Could you restate the data word for word and drop the pictures?

• Given material
►
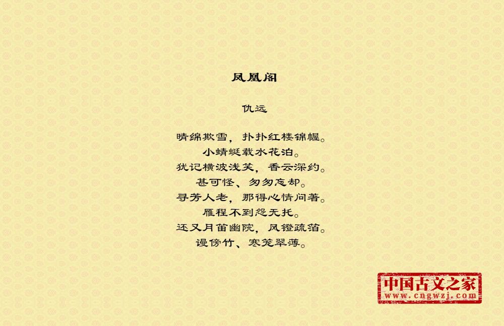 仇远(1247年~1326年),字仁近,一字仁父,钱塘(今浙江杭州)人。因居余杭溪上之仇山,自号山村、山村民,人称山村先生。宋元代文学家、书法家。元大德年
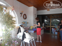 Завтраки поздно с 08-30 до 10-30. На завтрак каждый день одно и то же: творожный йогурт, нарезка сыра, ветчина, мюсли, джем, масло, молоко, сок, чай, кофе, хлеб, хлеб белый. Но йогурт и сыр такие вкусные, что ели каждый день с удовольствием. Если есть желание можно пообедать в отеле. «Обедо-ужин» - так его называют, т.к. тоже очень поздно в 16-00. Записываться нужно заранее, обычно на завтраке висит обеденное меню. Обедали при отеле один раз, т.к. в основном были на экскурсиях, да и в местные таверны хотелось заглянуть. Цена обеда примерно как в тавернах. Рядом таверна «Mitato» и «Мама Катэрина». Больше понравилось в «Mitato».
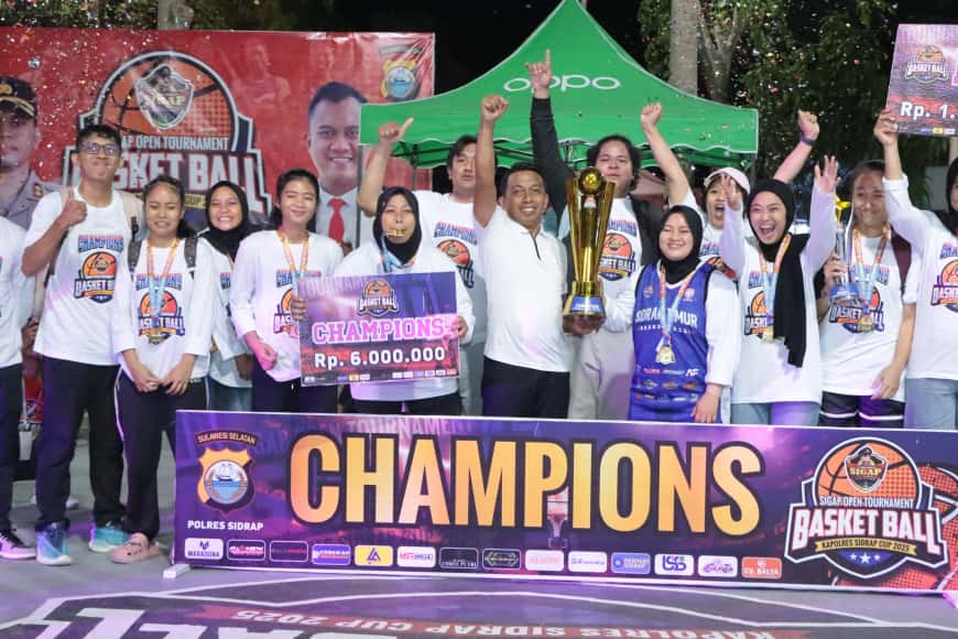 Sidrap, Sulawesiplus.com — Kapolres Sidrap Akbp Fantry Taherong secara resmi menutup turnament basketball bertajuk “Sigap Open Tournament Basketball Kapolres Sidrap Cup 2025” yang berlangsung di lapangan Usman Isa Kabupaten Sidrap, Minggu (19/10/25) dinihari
◄
• Reply to the exercise
 仇远(1247年~1326年),字仁近,一字仁父,钱塘(今浙江杭州)人。因居余杭溪上之仇山,自号山村、山村民,人称山村先生。宋元代文学家、书法家。元大德年
 Завтраки поздно с 08-30 до 10-30. На завтрак каждый день одно и то же: творожный йогурт, нарезка сыра, ветчина, мюсли, джем, масло, молоко, сок, чай, кофе, хлеб, хлеб белый. Но йогурт и сыр такие вкусные, что ели каждый день с удовольствием. Если есть желание можно пообедать в отеле. «Обедо-ужин» - так его называют, т.к. тоже очень поздно в 16-00. Записываться нужно заранее, обычно на завтраке висит обеденное меню. Обедали при отеле один раз, т.к. в основном были на экскурсиях, да и в местные таверны хотелось заглянуть. Цена обеда примерно как в тавернах. Рядом таверна «Mitato» и «Мама Катэрина». Больше понравилось в «Mitato».
 Sidrap, Sulawesiplus.com — Kapolres Sidrap Akbp Fantry Taherong secara resmi menutup turnament basketball bertajuk “Sigap Open Tournament Basketball Kapolres Sidrap Cup 2025” yang berlangsung di lapangan Usman Isa Kabupaten Sidrap, Minggu (19/10/25) dinihari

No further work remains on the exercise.